Он не случайно поселился вблизи Санаксарского монастыря, куда звала память и молитва старца Феодора, его дяди. Нет сомнения, что преподобный Феодор в своих молитвах просил Божиего заступничества за своего боголюбивого, Отечеству преданного племянника. А тот, в свою очередь, вдохновлялся духовным подвигом дяди и молился за него. И это их молитвенное общение никогда не прерывалось. Они и легли рядом в могилы, чтобы быть вместе навеки. Ныне их святые мощи покоятся рядом в храме. Оба они были воинами Христовыми и служили Господу на своих поприщах.

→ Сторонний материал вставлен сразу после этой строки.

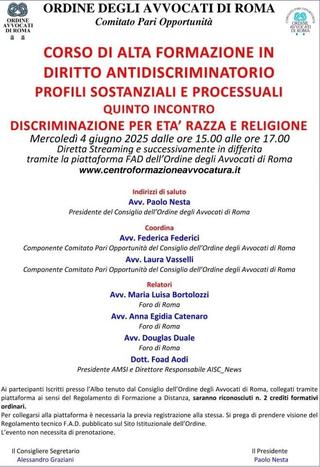 ROMA 5 GIU 2025 – È stato un incontro denso di spunti giuridici, analisi culturali e testimonianze concrete quello svoltosi mercoledì 4 giugno 2025, dalle ore 15:00 alle 17:00, in diretta streaming e in differita FAD, nell’ambito del Corso di Alta Formazione in Diritto Antidiscriminatorio – Profili Sostanziali e Processuali organizzato dal Comitato Pari Opportunità dell’Ordine degli Avvocati di Roma.
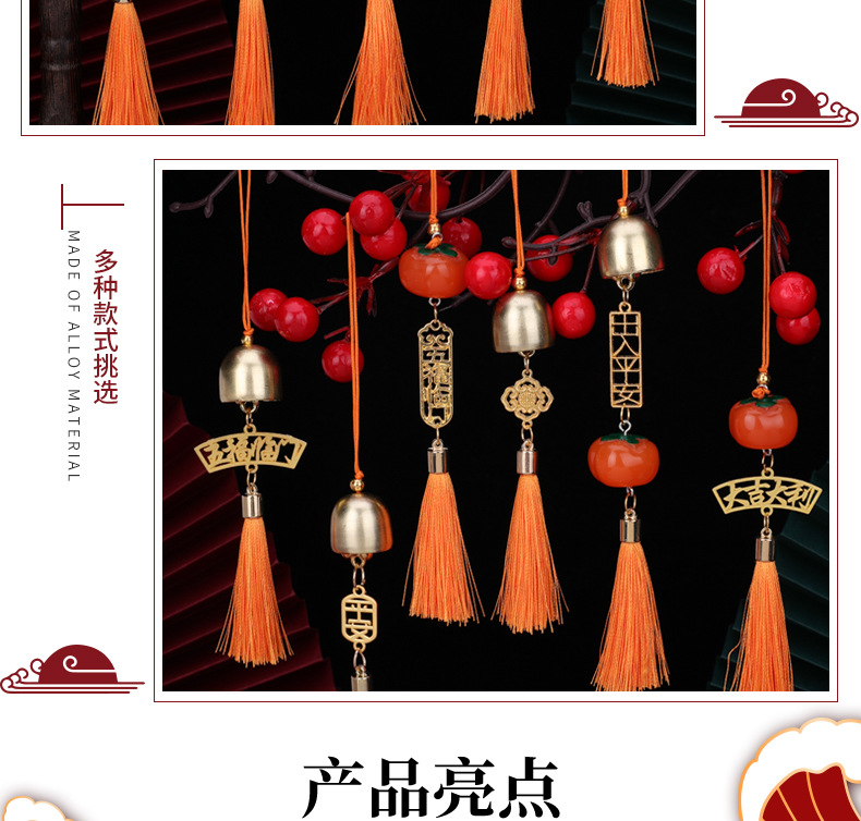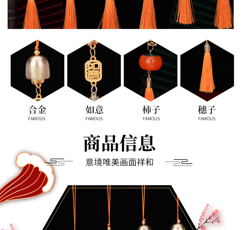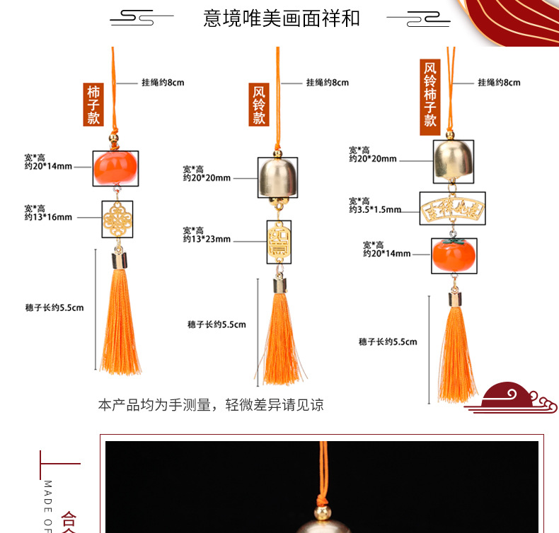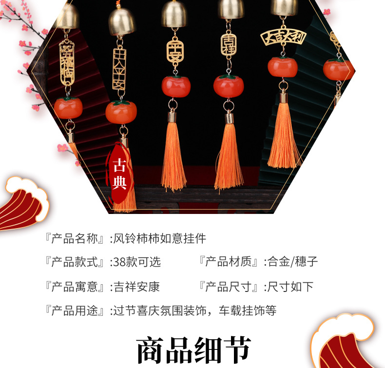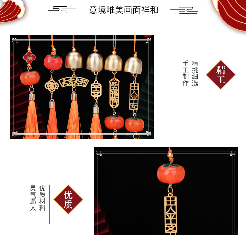 윈드 차임, 감 모양의 행운의 펜던트, 명절 장식, 중추절 펜던트 액세서리, 윈드 차임 DIY 장식품 재료 도매
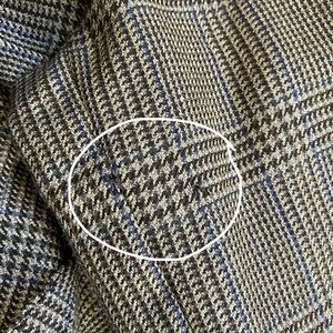 Preowned in flawed condition, has a few small burn marks - one small on the right shoulder, one large on the indside of the collar, two smalls on the cuff. Has two small holes near the sleeve’s seam.
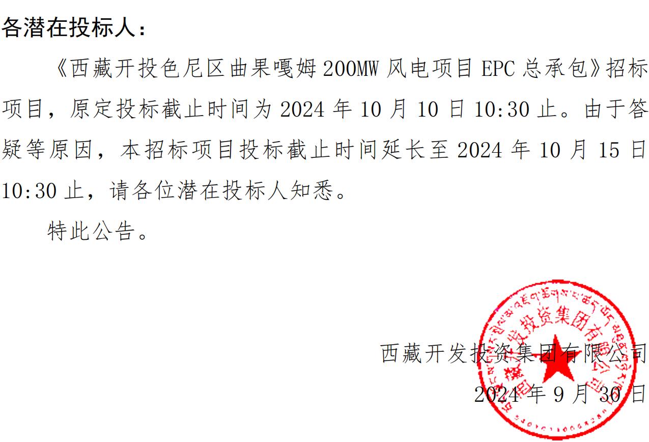 關于延長《西藏開投色尼區(qū)曲果嘎姆200MW風電項目EPC總承包》投標截止時間的公告
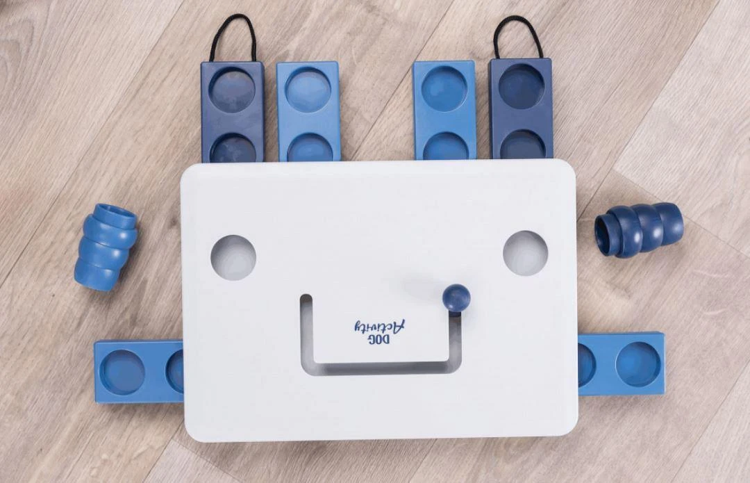 bordspel voor gevorderden: door de lades met behulp van de lussen te openen dan wel de stempel te verschuiven, komt de hond bij zijn beloning bordspel met 2 kegels en diverse kleine kommetjes en lades door de kegel als stopper te gebruiken, kan de moeilijkheidsgraad worden opgeschroefd kunststof slipvast door rubberen ring incl. handleiding met tips en handigheidjes voor een optimale training

Моряк и монах — оба служили Господу и оба исполнили свой долг перед Отечеством.
ЗАВЕЩАНИЕ
Ушаков после похода писал отчеты, подводил итоги боевых действий, готовился доложить о них не только черноморским начальникам, айв столице самому императору. Ведь не могут же не интересовать его события на южном фланге Европы, там, где недавно кипели битвы с участием флота и войск России. Но Павел уже почти не интересовался прошлыми союзами, он переосмысливал первый период своего царствования, искал ответы, которые поставила перед ним в начале века история. Он уже не был столь категоричен в оценке действий Екатерины, пытался понять ее прошлые сомнения, особенно приемы и действия, которые приводили к победам и достижениям. Не ясно ему было, почему она была близка и русским дворянам, и Западу. Он уже знал, что слова и обещания иногда давались в ее время без труда, в отдельных случаях почти даром, а провозглашенные идеи часто воспринимались за их исполнения. Екатерина любила плотный фимиам лести и восторгов. Особенно приятно да, пожалуй, и необходимо было ей слышать гул восхищения при организации каких-либо новых начинаний и при выпуске важных указов и распоряжений. Многое, правда, из провозглашенного не осуществлялось, но след надежды и контуры предначертаний надолго оставались в памяти современников. Павел стал понимать, что Екатерину толкало к славословию не только тщеславие, но и политический расчет, ибо надо было создавать величавый образ перед державой, народом, инородцами. И тут лесть стихотворцев, выспренное славословие иностранцев, коленопреклонение масс русских льстили обществу, дворянству, чувству национальному, которое многие годы было не развито или угнетено и унижено. Гордость за нацию, которую, как считалось, олицетворяет императрица, заставляла примиряться с тяготами и недостатками. Победы в войнах, блистательный Двор, ореол заботливой правительницы и мудрой мыслительницы заставляли забывать о многих внутренних бедах. Об этом времени в одном издании было написано:
«Впервые Россия сделалась для Европы предметом восхищенных и завистливых разговоров. России приятно было иметь такую правительницу, правительнице было приятно управлять славным народом, и она ревниво относилась к национальной чести, отождествляя ее со своею».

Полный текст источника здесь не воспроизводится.